ASSIGNMENT
Where the listing shows an image, skip it and output all other material unchanged.

++++++

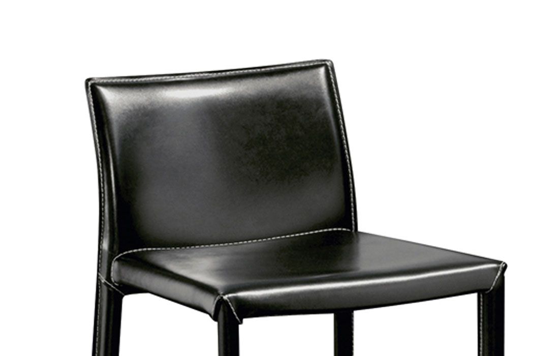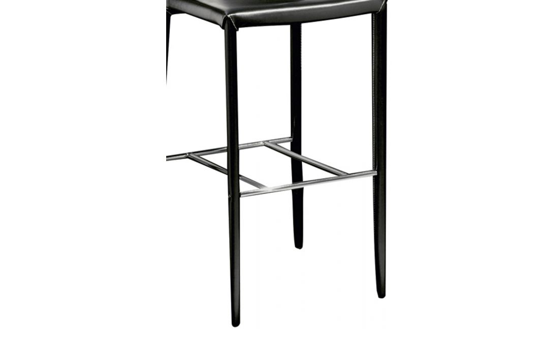 Banco bar com revestimento em couro regenerado preto, com prespontos a fazer contraste e pés com pormenor em metal
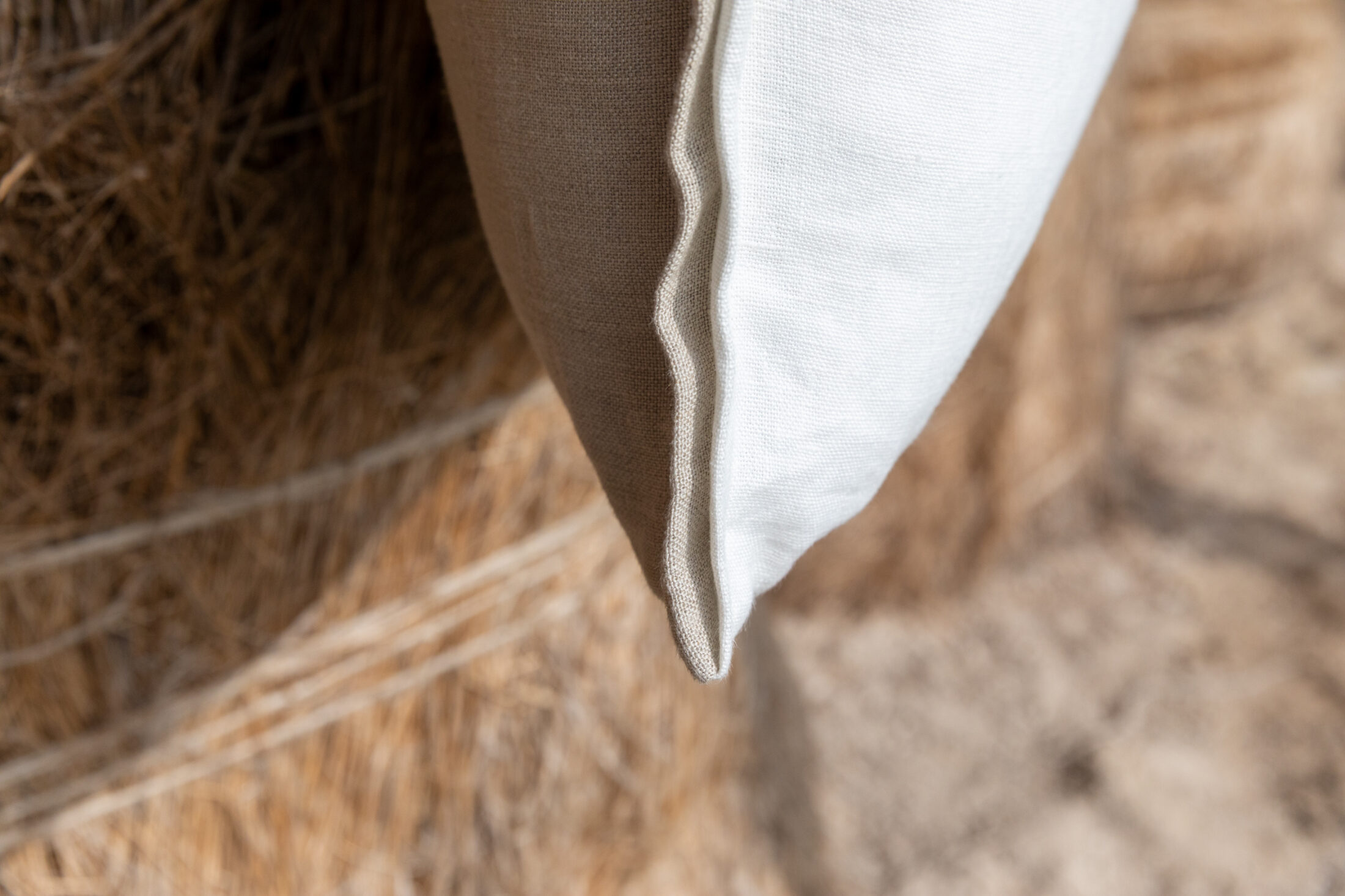 Le tissu utilisé est cultivé en Normandie, notre région réputée pour la qualité exceptionnelle de son lin. Chaque housse de coussin est ensuite confectionnée avec soin dans notre atelier, valorisant un savoir-faire textile local et une fabrication attentive aux détails.
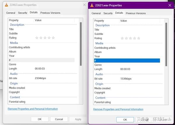 根据网友Xeno发现的信息,Windows 11启动声音的比特率(bit rate)从2304 Kbps下降到了1536Kbps。
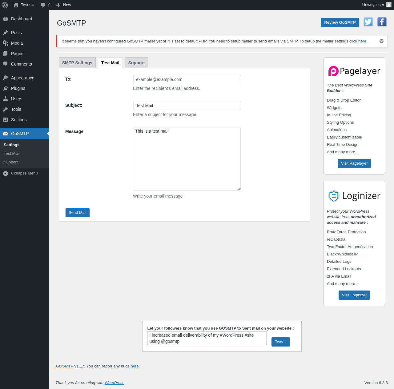 Does GoSMTP work with WordPress 6.8.3 and PHP 8.1.12? A smoke test was performed on .
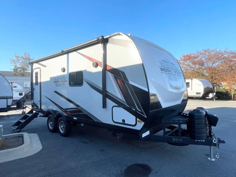 Each Work and Play toy hauler by Forest River is built tough with a mega rail powder coated chassis, a one-piece Tufflex PVC roof membrane, and a fiberglass front cap with rock guard. You will find many convenient features, such as a Winegard Air 360 and TV antenna, an outside spray port, and slam latch door catches to store your riding gear. These toy haulers also include hidden hinge cabinets and doors, USB charging ports in multiple locations, a tankless water heater, plus many more amenities!
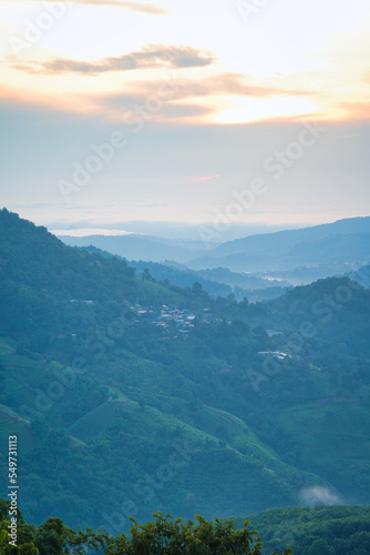 Fototapeta premium 早朝の青々と茂る大自然の山間部風景 タイ・チェンライ
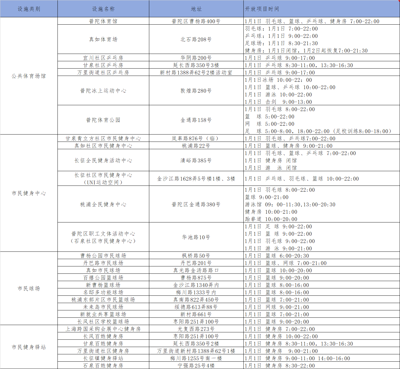 元旦就要来啦!小编为大家带来了普陀区公共体育设施开放信息!快来看看你身边开放的体育场所,一起运动起来吧!去运动前记得关注场馆实际开放信息,部分场馆需要提前预约哦~
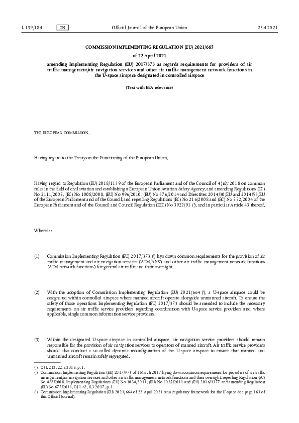 COMMISSION IMPLEMENTING REGULATION (EU) 2021/665 of 22 April 2021 amending Implementing Regulation (EU) 2017/373 as regards requirements for providers of air traffic management/air navigation services and other air traffic management network functions in the U-space airspace designated in controlled airspace.

++++++

TASK RESPONSE
 Banco bar com revestimento em couro regenerado preto, com prespontos a fazer contraste e pés com pormenor em metal
 Le tissu utilisé est cultivé en Normandie, notre région réputée pour la qualité exceptionnelle de son lin. Chaque housse de coussin est ensuite confectionnée avec soin dans notre atelier, valorisant un savoir-faire textile local et une fabrication attentive aux détails.
 根据网友Xeno发现的信息,Windows 11启动声音的比特率(bit rate)从2304 Kbps下降到了1536Kbps。
 Does GoSMTP work with WordPress 6.8.3 and PHP 8.1.12? A smoke test was performed on .
 Each Work and Play toy hauler by Forest River is built tough with a mega rail powder coated chassis, a one-piece Tufflex PVC roof membrane, and a fiberglass front cap with rock guard. You will find many convenient features, such as a Winegard Air 360 and TV antenna, an outside spray port, and slam latch door catches to store your riding gear. These toy haulers also include hidden hinge cabinets and doors, USB charging ports in multiple locations, a tankless water heater, plus many more amenities!
 Fototapeta premium 早朝の青々と茂る大自然の山間部風景 タイ・チェンライ
 元旦就要来啦!小编为大家带来了普陀区公共体育设施开放信息!快来看看你身边开放的体育场所,一起运动起来吧!去运动前记得关注场馆实际开放信息,部分场馆需要提前预约哦~
 COMMISSION IMPLEMENTING REGULATION (EU) 2021/665 of 22 April 2021 amending Implementing Regulation (EU) 2017/373 as regards requirements for providers of air traffic management/air navigation services and other air traffic management network functions in the U-space airspace designated in controlled airspace.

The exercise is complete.